The Atlantic - The War on Stupid People

http://www.theatlantic.com/magazine/archive/2016/07/the-war-on-stupid-people/485618/

"As recently as the 1950s, possessing only middling intelligence was not likely to severely limit your life’s trajectory. IQ wasn’t a big factor in whom you married, where you lived, or what others thought of you. The qualifications for a good job, whether on an assembly line or behind a desk, mostly revolved around integrity, work ethic, and a knack for getting along—bosses didn’t routinely expect college degrees, much less ask to see SAT scores. As one account of the era put it, hiring decisions were “based on a candidate having a critical skill or two and on soft factors such as eagerness, appearance, family background, and physical characteristics.”

While the article correctly identifies some problems with what it (I think justifiably) terms the “fetishization” of IQ and academic performance, the author’s conclusions are insupportable. Government incentives to companies that resist automation, in order to preserve jobs? Sure, why not shut down automobile factories and turn back to buggy whip making too?

There are changes to be made. Our society’s current conviction that higher education is the only, or even most desirable, path for everyone is deeply flawed. But trying to turn the clock backwards has never been a valid option.

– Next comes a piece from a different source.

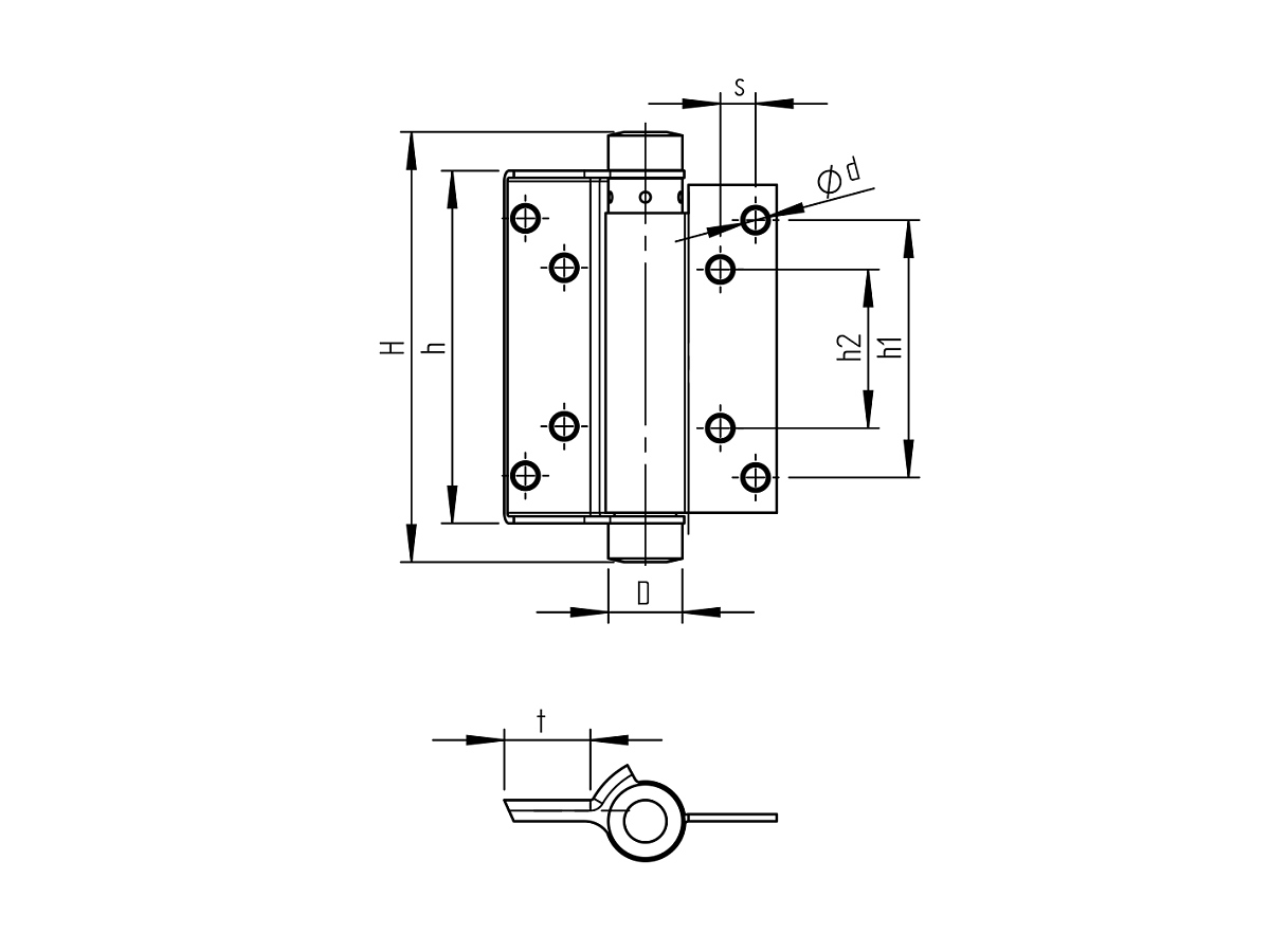Материал: Неръждаема стомана AISI 304, Повърхностно покритие: Сатинирано, Тегло на вратата Gmax/Goptimal (kg): 15, D: 18мм, d: 5,5мм, H: 93мм, h: 77мм, h1: 53мм, h2: 26мм, s: 6мм, t: 25мм

This article touches on a lot of issues.  If increasingly larger masses of people don’t have the basic cognitive ability to support themselves with work in our increasingly tech automated world, should they simply be given a guaranteed basic income to survive?

There’s also the phenomenon of assortive mating. People tend to pair up with people of similar educational attainment level. This is contributing to increasing income inequality and increasing class & cognitive divide. Assortive mating is even observable in the Sugar phenomenon where rich educated men prefer educated sugar babies over non-educated sugar babies.